Tortellini soup in pot

By a stroke of luck, I found mine.  A soup that is easy enough to be made when you’re tired, sick, and needing some comfort.  Better yet, it comes together in under 30 minutes with one pot.  The first time I made it, the colors alone felt like they were patting me on the back in all their vibrant glory.  Such a simple dish, but so much healing power in those spoonfuls.

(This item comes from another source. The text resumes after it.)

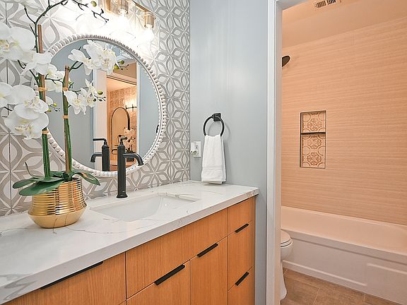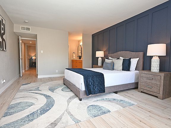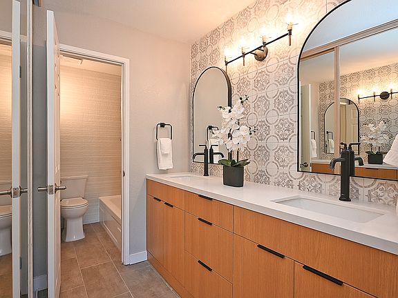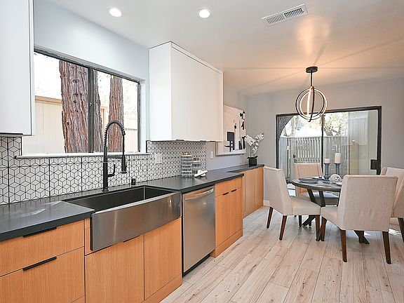 Located in the heart of Pleasanton, this stunning 2-bed, 1-bath townhouse is just minutes from Stoneridge Mall, BART, and major freeways. The home features an open layout with an accent wall in the family room, gorgeous tile fireplace, and a private patio with new concrete and accent artificial turf with large patio doors that makes indoor-outdoor living an entertainer's dream. The kitchen shines with new stainless-steel appliances, Scandinavian dual toned cabinets that extend into the nook, and custom tile. Both bedrooms feature accent walls, and the Jack-and-Jill bathroom has been beautifully renovated with designer tile full surrounds, Scandinavian oak cabinets, plumbing fixtures, and dual vanity for the primary suite. New waterproof laminate flooring, fresh paint, and updated fixtures add to the home's charm. Enjoy HOA amenities like a pool, tennis/pickleball courts, and a clubhouse. It's the perfect place to call home!

If you have it on hand, a little bit of fresh parmesan or pecorino romano cheese on top tastes fantastic.  The gooey little strings that form as it melts are so small they barely hold together.



Tortellini Spinach Soup


1 tbsp olive oil
2 cloves garlic, minced
1 medium onion, chopped
32 ounces vegetable broth
1  14-ounce can fire-roasted diced tomatoes (with liquid)
1  14-ounce can diced tomatoes (with liquid)
1/4 teaspoon thyme
1/2 teaspoon basil
1/2 teaspoon red pepper flakes
1 teaspoon oregano
Salt and pepper, to taste
1 package (10 ounces) fresh or frozen tortellini
16 ounces chopped frozen spinach
1-2 cups water, depending on how much broth you want
1. In a heavy bottom pot, or the thin bottom one that came with your first set of pots and pans from Macy’s, heat the olive oil over medium-high heat.  Add the garlic and onion and cook until the onion is translucent, about 5 minutes.
2.  Add the vegetable broth and tomatoes, including their liquid.  The juice from the tomatoes adds great flavor to the broth.
3.  Add the spices, and stir to combine.
4.  Bring the broth mixture to a simmer.
5.  Put the tortellini in, and cook until slightly harder than al dente.
6.  Add the frozen spinach.  If the mixture seems too thick, add some water to the mixture.  I typically add 1 1/2 cups of water, which doesn’t affect the flavor of the broth at all.
7.  Simmer until the tortellini is al dente
8.  Serve and top with parmesan cheese.